O advogado-geral do Senado, online Alberto Cascais, ask ingressou com recurso no Supremo Tribunal Federal (STF) para tentar derrubar a decisão do ministro Ricardo Lewandowski que permitiu a entrada de 13 deputados federais na sessão secreta que vota o processo por quebra de decoro parlamentar do presidente do Senado, web Renan Calheiros (PMDB-AL).
O argumento é que, pelo regimento interno, a sessão deve ser secreta e o STF não poderia inferferir nessa regra. O relator do mandado de segurança apresentado pela Mesa Diretora do Senado é o ministro Joaquim Barbosa. Na tarde de hoje, o plenário do STF julga em caráter conclusivo também a liminar que abriu a sessão do Senado para os deputados.
Caso o relatório do Conselho de Ética do Senado seja aprovado no plenário do Senado Federal, Renan Calheiros será o primeiro presidente na história da Casa a perder o mandato por quebra de decoro parlamentar. São necessários 41 votos, dos 81 senadores para aceitar a proposta.

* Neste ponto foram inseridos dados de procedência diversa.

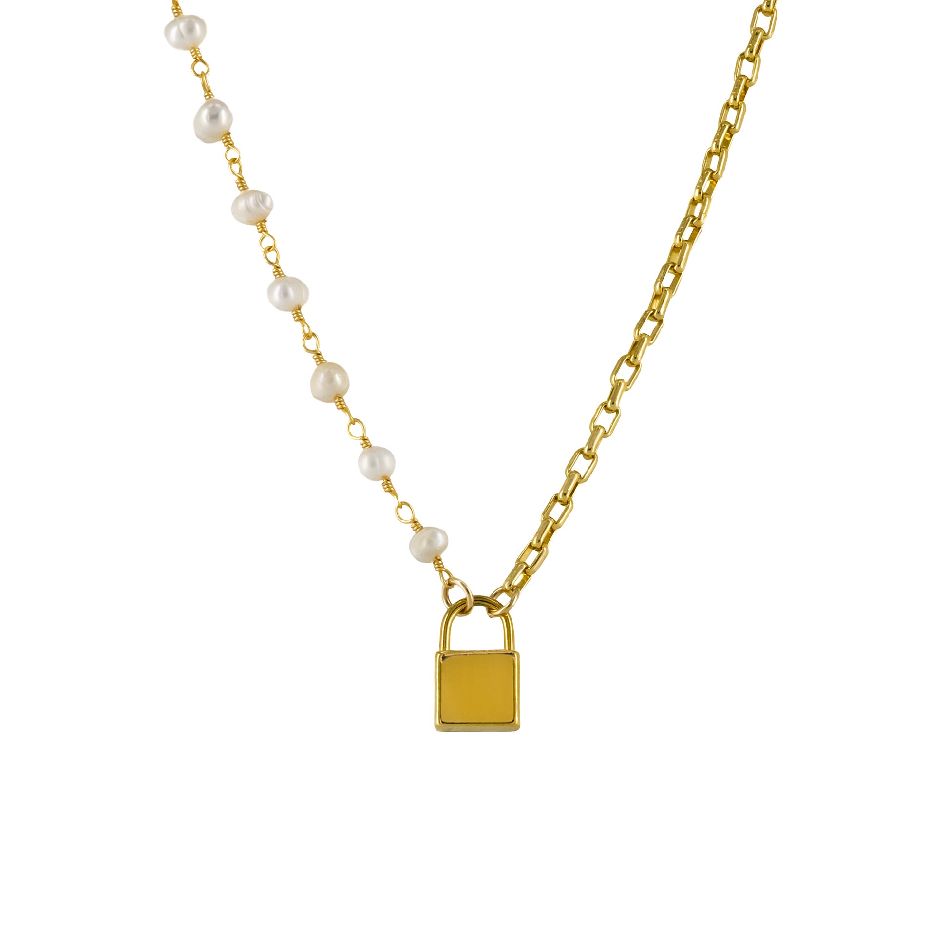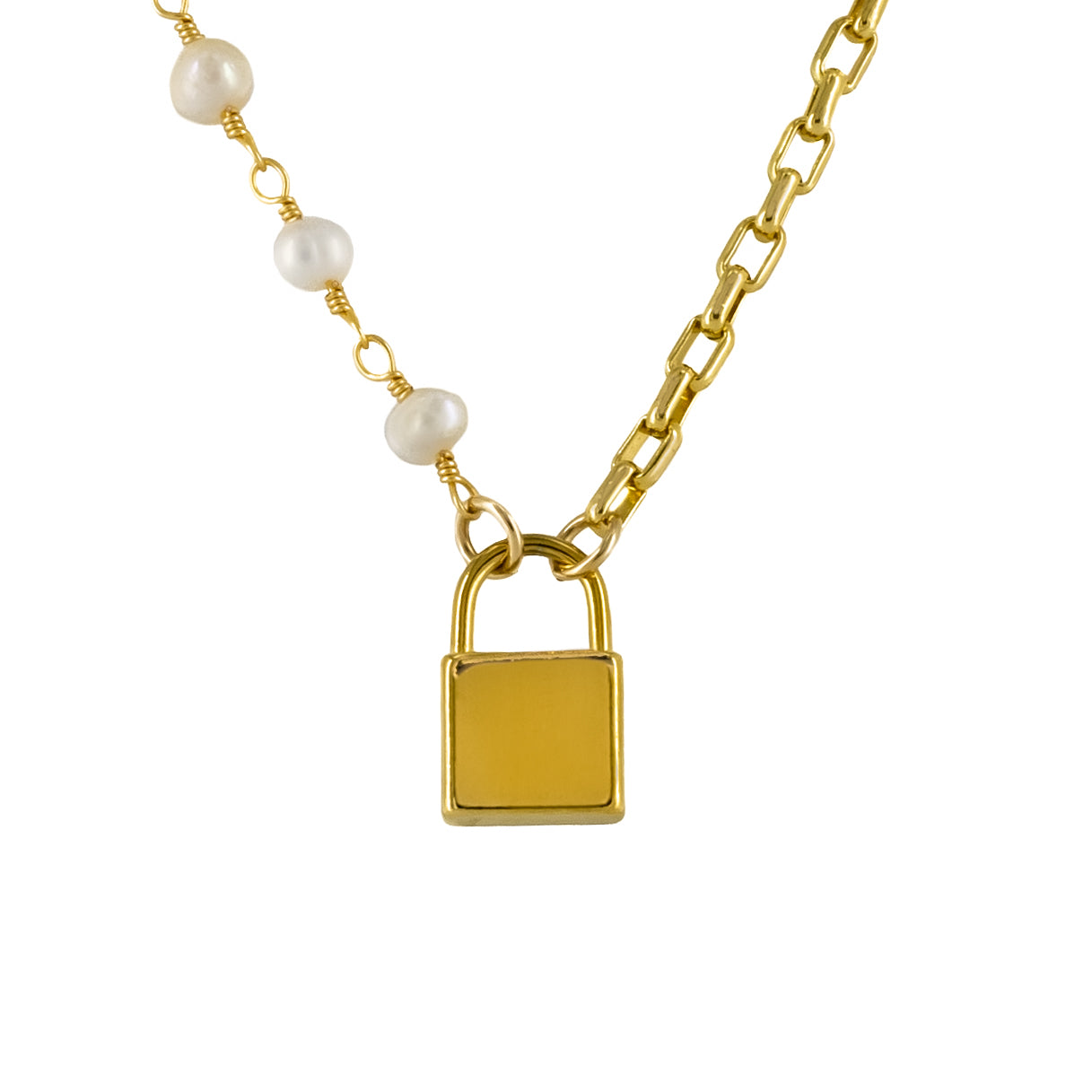 15mm Gold filled locket in a gold filled and water pearl chain.

Pela manhã, depois de meia hora de discussões em sessão preliminar, o vice-presidente do Senado, Tião Viana (PT-AC), que hoje preside a Mesa Diretora, fechou a sessão. Ficaram em plenário apenas os senadores, os advogados das partes e os 13 deputados federais que têm autorização do Supremo para assistir à sessão.

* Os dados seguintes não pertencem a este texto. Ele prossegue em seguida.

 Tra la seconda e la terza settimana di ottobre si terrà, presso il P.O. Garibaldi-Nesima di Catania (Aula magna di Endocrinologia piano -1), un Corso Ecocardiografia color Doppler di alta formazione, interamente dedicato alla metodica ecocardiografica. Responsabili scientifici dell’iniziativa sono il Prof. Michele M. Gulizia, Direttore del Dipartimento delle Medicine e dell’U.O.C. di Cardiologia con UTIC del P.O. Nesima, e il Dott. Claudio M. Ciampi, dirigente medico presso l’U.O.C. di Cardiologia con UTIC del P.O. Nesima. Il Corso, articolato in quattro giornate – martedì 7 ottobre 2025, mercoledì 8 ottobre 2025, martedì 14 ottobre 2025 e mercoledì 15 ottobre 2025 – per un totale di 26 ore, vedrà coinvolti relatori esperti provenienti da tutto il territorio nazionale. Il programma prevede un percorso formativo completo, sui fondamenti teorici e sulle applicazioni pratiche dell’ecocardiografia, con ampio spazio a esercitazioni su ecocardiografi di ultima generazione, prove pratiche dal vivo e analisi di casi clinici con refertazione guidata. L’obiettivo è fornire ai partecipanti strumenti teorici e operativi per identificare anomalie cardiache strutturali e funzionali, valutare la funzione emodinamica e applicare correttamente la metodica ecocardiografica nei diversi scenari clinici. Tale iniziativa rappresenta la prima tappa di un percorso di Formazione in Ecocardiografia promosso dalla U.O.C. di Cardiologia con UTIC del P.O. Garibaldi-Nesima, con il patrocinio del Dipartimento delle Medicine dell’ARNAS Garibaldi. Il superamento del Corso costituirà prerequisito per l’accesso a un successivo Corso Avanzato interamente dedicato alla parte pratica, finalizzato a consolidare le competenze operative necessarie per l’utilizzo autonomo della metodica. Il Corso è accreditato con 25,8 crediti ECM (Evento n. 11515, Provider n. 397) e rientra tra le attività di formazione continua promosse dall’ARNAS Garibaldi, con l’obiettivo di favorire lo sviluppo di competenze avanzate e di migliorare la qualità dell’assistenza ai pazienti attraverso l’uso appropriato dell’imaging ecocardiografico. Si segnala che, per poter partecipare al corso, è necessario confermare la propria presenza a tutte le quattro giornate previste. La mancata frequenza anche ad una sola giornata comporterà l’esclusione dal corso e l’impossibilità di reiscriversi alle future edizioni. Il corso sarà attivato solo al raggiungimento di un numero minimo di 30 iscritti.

Durante a parte preliminar não foi permitida a presença de jornalistas e do público em plenário, mas a sessão foi transmitida pela televisão. Os senadores discutiram a possibilidade de abrir a sessão ao público, mas isso não foi possível porque o regimento do Senado é claro: sessões de perda de mandato devem ser secretas.